**Information supplied**
---------------

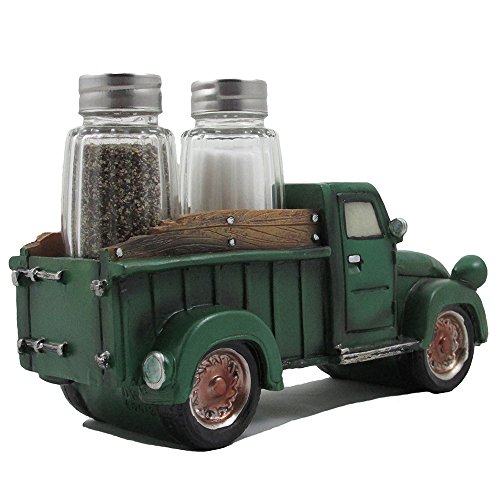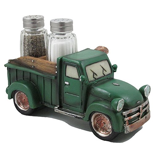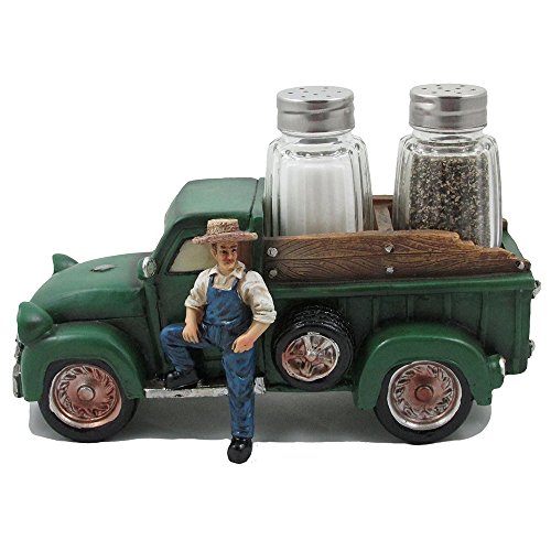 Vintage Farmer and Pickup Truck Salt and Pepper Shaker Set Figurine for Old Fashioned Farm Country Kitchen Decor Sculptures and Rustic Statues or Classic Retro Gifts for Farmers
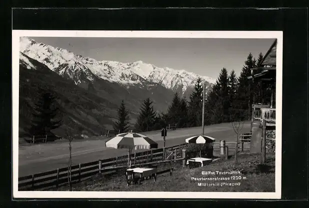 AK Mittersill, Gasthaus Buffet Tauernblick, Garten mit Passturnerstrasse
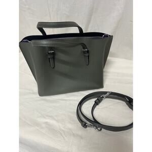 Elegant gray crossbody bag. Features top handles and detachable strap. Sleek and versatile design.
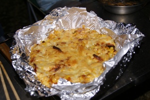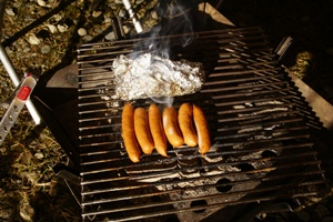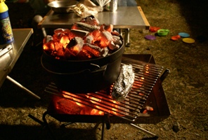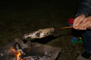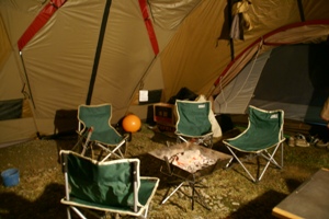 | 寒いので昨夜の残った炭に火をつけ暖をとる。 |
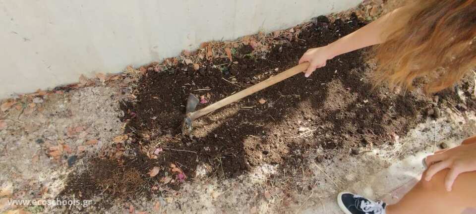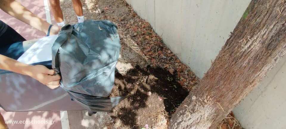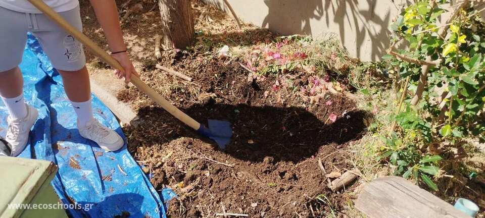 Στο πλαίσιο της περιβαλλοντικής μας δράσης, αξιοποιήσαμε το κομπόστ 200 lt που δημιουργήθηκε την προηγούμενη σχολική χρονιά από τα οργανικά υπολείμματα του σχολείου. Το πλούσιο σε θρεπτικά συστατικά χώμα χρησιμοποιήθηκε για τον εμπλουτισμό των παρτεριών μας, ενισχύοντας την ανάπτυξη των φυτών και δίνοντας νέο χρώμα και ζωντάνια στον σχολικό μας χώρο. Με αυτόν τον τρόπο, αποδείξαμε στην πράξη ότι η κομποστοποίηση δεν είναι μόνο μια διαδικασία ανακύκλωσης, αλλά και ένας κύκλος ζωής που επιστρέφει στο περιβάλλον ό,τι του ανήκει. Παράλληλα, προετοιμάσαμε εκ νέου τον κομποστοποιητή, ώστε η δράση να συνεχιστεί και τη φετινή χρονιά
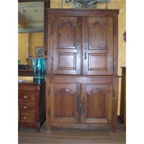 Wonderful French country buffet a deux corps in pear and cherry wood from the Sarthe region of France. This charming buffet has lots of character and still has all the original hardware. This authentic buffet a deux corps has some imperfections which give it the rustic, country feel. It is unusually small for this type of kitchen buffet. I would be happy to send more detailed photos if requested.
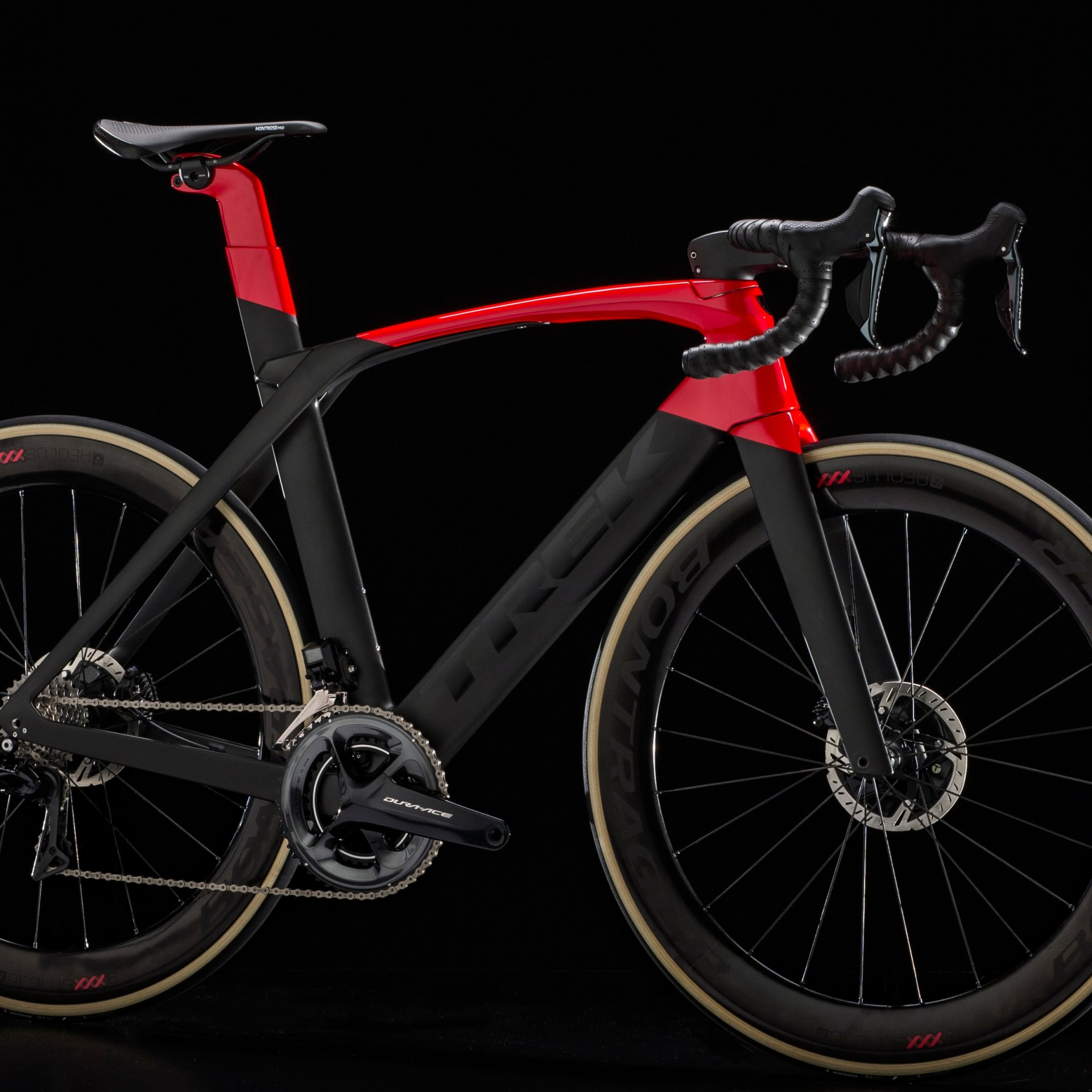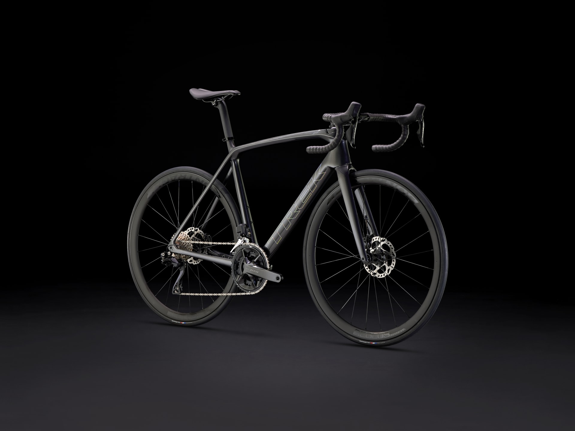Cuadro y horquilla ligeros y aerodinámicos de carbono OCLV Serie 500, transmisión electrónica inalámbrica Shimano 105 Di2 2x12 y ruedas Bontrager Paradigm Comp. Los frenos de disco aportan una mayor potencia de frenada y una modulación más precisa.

---------------

**Exercise brief**
Nothing but the pictures may be dropped as you repeat the listing above exactly.

**Problem solution**
 Vintage Farmer and Pickup Truck Salt and Pepper Shaker Set Figurine for Old Fashioned Farm Country Kitchen Decor Sculptures and Rustic Statues or Classic Retro Gifts for Farmers
 AK Mittersill, Gasthaus Buffet Tauernblick, Garten mit Passturnerstrasse
 Elegant gray crossbody bag. Features top handles and detachable strap. Sleek and versatile design.
 | 寒いので昨夜の残った炭に火をつけ暖をとる。 |
 Στο πλαίσιο της περιβαλλοντικής μας δράσης, αξιοποιήσαμε το κομπόστ 200 lt που δημιουργήθηκε την προηγούμενη σχολική χρονιά από τα οργανικά υπολείμματα του σχολείου. Το πλούσιο σε θρεπτικά συστατικά χώμα χρησιμοποιήθηκε για τον εμπλουτισμό των παρτεριών μας, ενισχύοντας την ανάπτυξη των φυτών και δίνοντας νέο χρώμα και ζωντάνια στον σχολικό μας χώρο. Με αυτόν τον τρόπο, αποδείξαμε στην πράξη ότι η κομποστοποίηση δεν είναι μόνο μια διαδικασία ανακύκλωσης, αλλά και ένας κύκλος ζωής που επιστρέφει στο περιβάλλον ό,τι του ανήκει. Παράλληλα, προετοιμάσαμε εκ νέου τον κομποστοποιητή, ώστε η δράση να συνεχιστεί και τη φετινή χρονιά
 Wonderful French country buffet a deux corps in pear and cherry wood from the Sarthe region of France. This charming buffet has lots of character and still has all the original hardware. This authentic buffet a deux corps has some imperfections which give it the rustic, country feel. It is unusually small for this type of kitchen buffet. I would be happy to send more detailed photos if requested.
Cuadro y horquilla ligeros y aerodinámicos de carbono OCLV Serie 500, transmisión electrónica inalámbrica Shimano 105 Di2 2x12 y ruedas Bontrager Paradigm Comp. Los frenos de disco aportan una mayor potencia de frenada y una modulación más precisa.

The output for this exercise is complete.